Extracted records

--

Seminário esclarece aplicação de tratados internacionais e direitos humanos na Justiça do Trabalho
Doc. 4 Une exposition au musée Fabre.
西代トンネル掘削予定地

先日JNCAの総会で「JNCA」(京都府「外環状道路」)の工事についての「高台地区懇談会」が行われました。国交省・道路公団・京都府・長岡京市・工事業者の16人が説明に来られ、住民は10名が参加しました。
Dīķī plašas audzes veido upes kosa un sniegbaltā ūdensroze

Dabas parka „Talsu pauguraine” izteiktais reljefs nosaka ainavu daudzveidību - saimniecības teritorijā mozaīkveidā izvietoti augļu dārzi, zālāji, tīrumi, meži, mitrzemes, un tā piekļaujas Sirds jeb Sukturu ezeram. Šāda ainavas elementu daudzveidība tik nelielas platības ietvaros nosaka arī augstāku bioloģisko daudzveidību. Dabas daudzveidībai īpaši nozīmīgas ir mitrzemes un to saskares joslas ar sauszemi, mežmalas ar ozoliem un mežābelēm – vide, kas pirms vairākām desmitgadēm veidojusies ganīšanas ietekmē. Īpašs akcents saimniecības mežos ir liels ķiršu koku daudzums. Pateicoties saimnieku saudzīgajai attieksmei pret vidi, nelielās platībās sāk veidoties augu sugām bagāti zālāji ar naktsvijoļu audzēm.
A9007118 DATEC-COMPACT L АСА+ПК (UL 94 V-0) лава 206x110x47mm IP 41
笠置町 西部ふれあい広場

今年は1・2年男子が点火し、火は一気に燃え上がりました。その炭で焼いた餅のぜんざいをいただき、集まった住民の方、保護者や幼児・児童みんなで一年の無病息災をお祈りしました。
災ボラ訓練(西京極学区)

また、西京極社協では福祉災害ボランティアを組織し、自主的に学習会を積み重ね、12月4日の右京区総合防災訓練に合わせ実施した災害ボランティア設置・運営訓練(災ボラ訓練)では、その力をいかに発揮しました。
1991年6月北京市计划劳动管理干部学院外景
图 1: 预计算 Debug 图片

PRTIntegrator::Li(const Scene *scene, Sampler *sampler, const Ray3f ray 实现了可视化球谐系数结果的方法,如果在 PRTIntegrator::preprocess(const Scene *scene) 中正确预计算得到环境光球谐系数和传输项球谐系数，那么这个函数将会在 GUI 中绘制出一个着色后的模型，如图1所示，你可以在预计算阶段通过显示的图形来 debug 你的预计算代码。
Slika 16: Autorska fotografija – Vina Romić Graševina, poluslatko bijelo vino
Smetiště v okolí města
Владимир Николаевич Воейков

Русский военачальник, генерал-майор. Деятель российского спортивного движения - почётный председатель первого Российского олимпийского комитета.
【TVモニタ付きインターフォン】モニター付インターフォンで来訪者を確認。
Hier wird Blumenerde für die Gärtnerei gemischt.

--

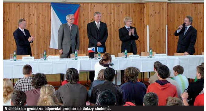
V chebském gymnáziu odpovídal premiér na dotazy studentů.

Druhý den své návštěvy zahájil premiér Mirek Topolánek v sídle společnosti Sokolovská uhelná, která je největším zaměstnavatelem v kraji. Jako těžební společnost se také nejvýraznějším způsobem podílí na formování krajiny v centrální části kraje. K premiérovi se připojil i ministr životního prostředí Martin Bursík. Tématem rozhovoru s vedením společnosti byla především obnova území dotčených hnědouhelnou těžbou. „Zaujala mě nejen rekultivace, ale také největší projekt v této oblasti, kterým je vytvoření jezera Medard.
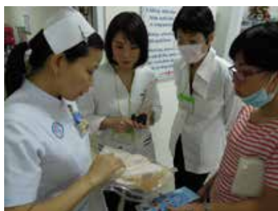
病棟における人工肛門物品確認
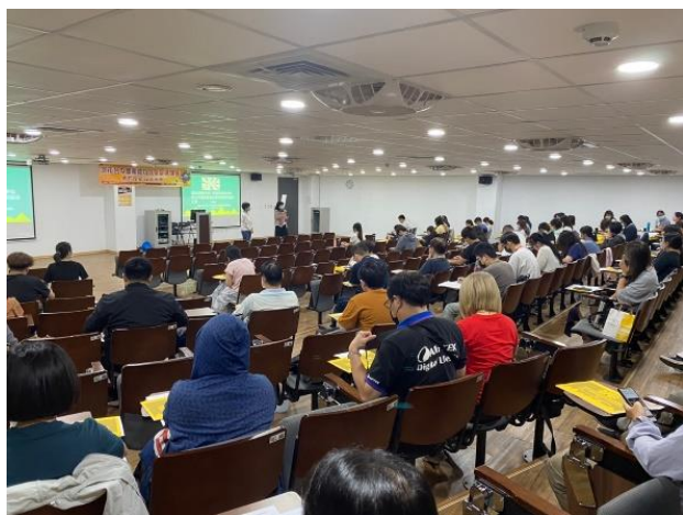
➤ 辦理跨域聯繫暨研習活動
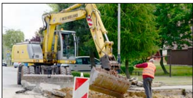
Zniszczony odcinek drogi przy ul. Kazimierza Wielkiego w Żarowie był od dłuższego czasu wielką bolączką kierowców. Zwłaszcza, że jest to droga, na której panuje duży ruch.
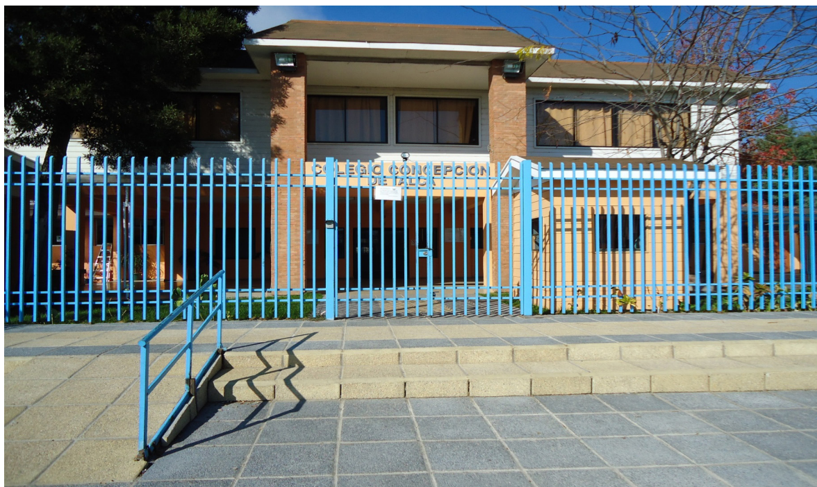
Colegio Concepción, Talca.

--

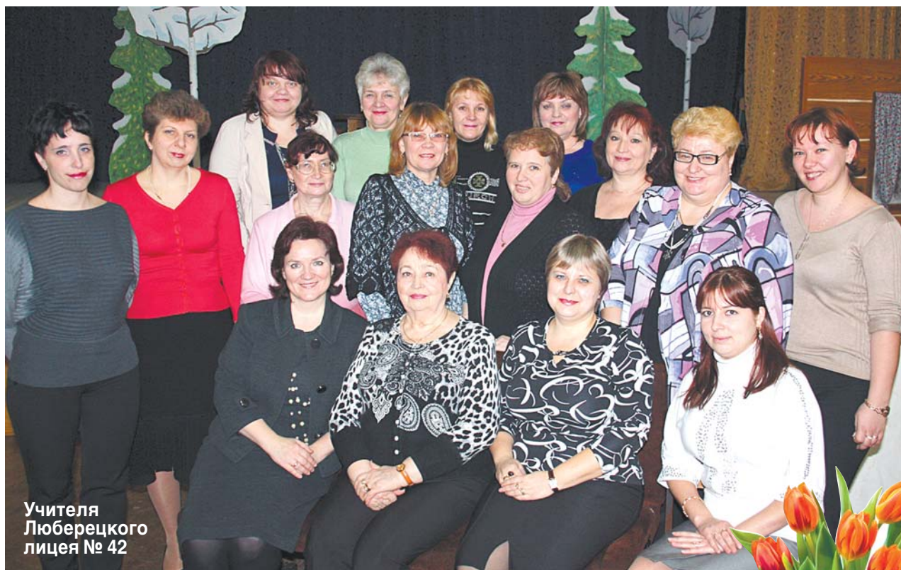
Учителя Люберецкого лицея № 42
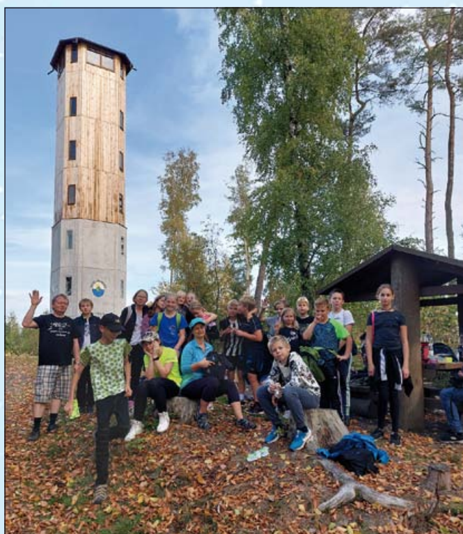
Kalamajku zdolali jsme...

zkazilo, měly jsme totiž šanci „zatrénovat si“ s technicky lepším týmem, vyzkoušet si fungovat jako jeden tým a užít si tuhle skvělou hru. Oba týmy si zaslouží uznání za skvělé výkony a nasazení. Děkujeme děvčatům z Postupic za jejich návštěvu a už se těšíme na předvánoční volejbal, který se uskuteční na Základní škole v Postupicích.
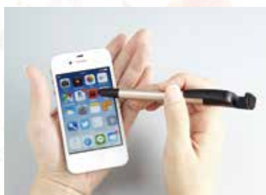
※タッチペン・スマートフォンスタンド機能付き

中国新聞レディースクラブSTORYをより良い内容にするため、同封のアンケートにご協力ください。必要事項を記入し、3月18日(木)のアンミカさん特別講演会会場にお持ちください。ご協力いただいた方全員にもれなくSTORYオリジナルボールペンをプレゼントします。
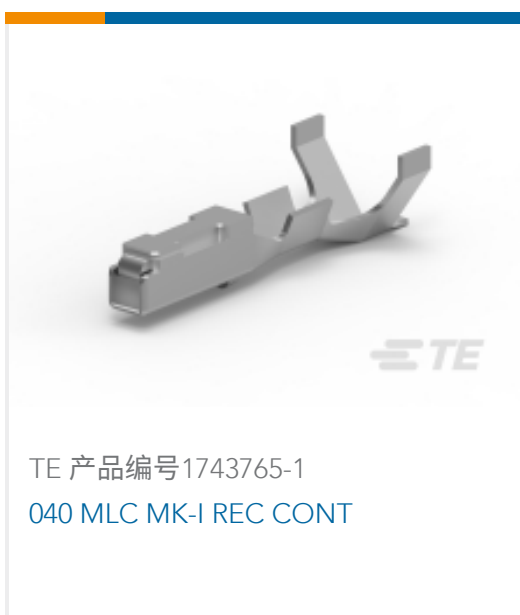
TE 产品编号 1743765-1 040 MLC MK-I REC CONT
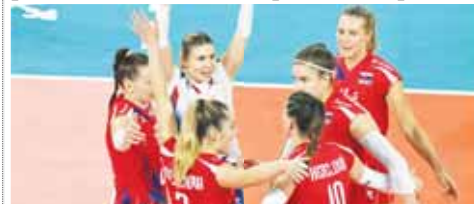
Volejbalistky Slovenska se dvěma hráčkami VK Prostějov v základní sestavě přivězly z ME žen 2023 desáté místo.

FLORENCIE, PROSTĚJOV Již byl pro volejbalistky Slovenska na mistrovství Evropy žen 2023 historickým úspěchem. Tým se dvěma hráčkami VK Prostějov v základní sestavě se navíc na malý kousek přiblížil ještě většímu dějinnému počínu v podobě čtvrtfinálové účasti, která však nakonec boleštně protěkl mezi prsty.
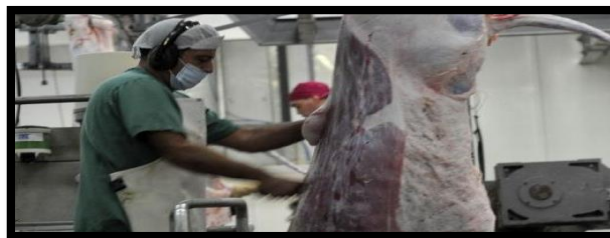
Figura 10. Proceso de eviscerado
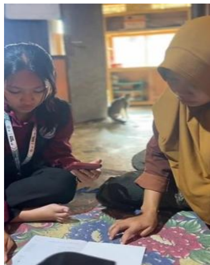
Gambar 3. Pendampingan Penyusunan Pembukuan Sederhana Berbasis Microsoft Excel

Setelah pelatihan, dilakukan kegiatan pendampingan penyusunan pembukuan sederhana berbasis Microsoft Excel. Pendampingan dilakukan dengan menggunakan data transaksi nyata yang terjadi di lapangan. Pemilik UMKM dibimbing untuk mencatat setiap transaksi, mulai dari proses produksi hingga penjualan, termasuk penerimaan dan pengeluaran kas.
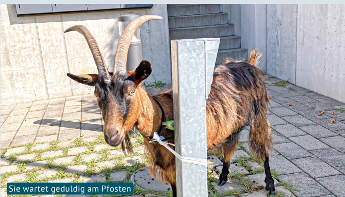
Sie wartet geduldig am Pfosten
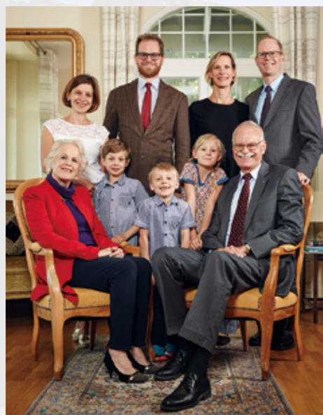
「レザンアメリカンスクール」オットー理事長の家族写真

--

◆ **WHAT TO DO**
Find every line in the records above that contains the word "sestavě", and copy each one.

◆ **ANSWER SECTION**
Volejbalistky Slovenska se dvěma hráčkami VK Prostějov v základní sestavě přivězly z ME žen 2023 desáté místo.
FLORENCIE, PROSTĚJOV Již byl pro volejbalistky Slovenska na mistrovství Evropy žen 2023 historickým úspěchem. Tým se dvěma hráčkami VK Prostějov v základní sestavě se navíc na malý kousek přiblížil ještě většímu dějinnému počínu v podobě čtvrtfinálové účasti, která však nakonec boleštně protěkl mezi prsty.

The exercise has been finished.